Quote:
Originally Posted by
SCSInet http:///forum/thread/385299/i-dont-understand-how-this-can-be-possible#post_3379255
It sounds like semantics to me. You guys are both ostensibly talking about the same thing, but in different ways.
That said though, it sounds like you are looking at it from an unusual perspective in order to downplay the often-repeated conserative line of how the bottom XX percent doesn't pay taxes.
How can you claim that they pay taxes when in the end... they really don't? If the amount of money that the government "keeps" at the end of the year is $0, then how is that paying a tax? In the end, to these people the IRS is more like a "forced savings plan" than anything else. Yeah, they may withhold, but at the end of the year, when the books are reconciled, if the total tax owed for the entire year is $0, then they did not pay taxes, it's as simple as that.
During WWII congress starting withholding taxes from payroll. Before that, people paid their taxes all at once. This was a great day for government... by doing this, they effectively obfuscated the true amount of money that a taxpayer is shelling out.

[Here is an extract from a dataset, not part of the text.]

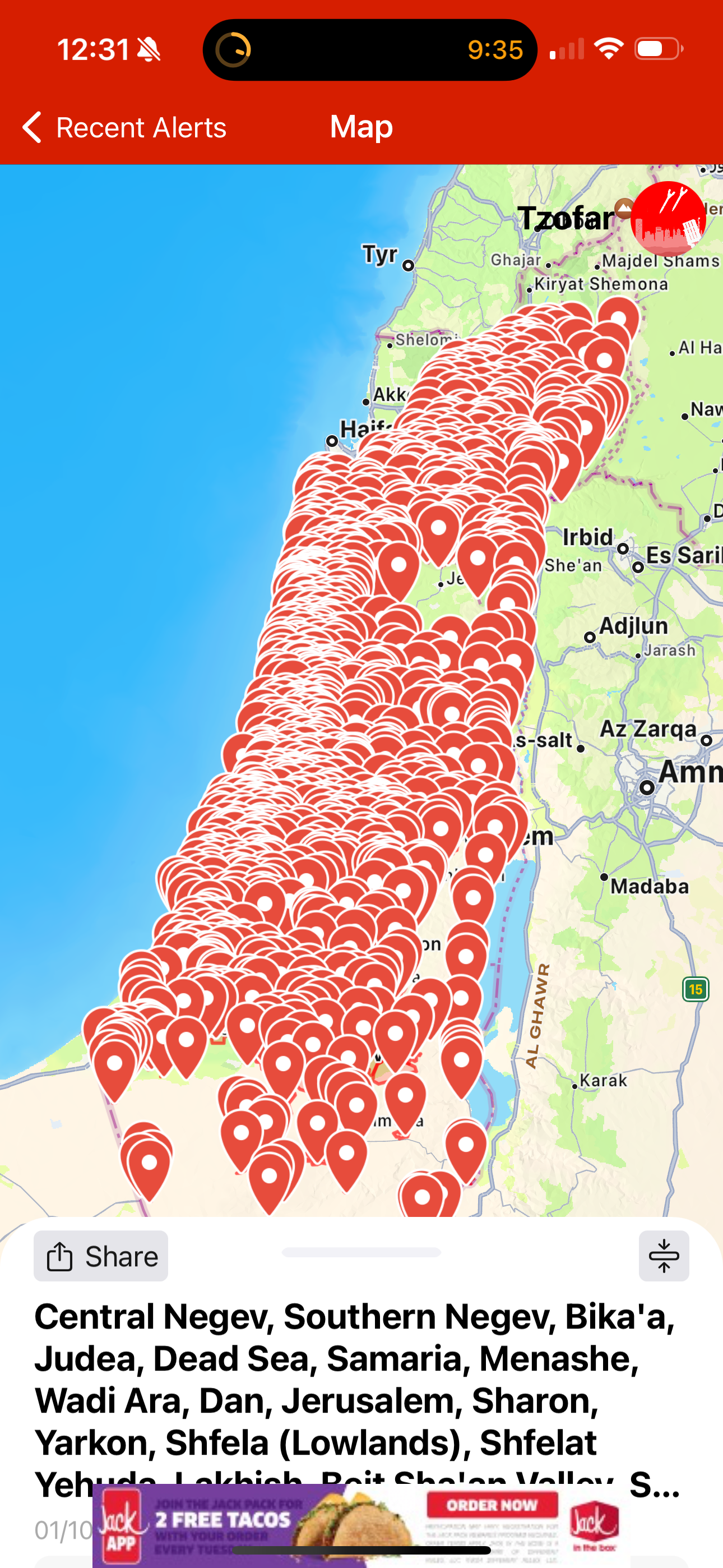 Иран выпустил по Израилю более 250 баллистических ракет. Большинство из них сбиты системой Хец за пределами Израиля. В основном над Иорданией. Все сообщения о якобы попадании ракеты пока не проверены и требуют подтверждения. Аэропорт Бен-Гурион временно прекратил работу и самолёты развернули на Ларнаку.

Ask most people today, "How much did you pay in taxes last year" and most will tell you "Oh, I owed...." or "Oh, I got a $$$$... refund." They have no idea what they really "paid".
In the end, from your paycheck, those are not tax payments, they are tax withholdings. Payment is what happens when you file.
PS: On a side note... where it the outrage on that? The government is earning interest on all this money they are collecting from the "poor" only to ultimately hand back to them, pocketing the interest...
You are absolutely correct SCSI. But that's the result of a convoluted tax system. As you, I do not understand why most perople don't complain about the Feds using their tax dollars as 'free loans' to use in all their pork-filled projects. I try to play the "exemption game" with my wife's income to try and get our 'total tax' as close to zero as possible when it comes to filing our tax returns. It's interesting when you talk to some people, and they brag about this huge tax return they received. It gives them the sense of accomplishment that they "gave the IRS the Big Middle Finger", when in reality they are just screwing themselves.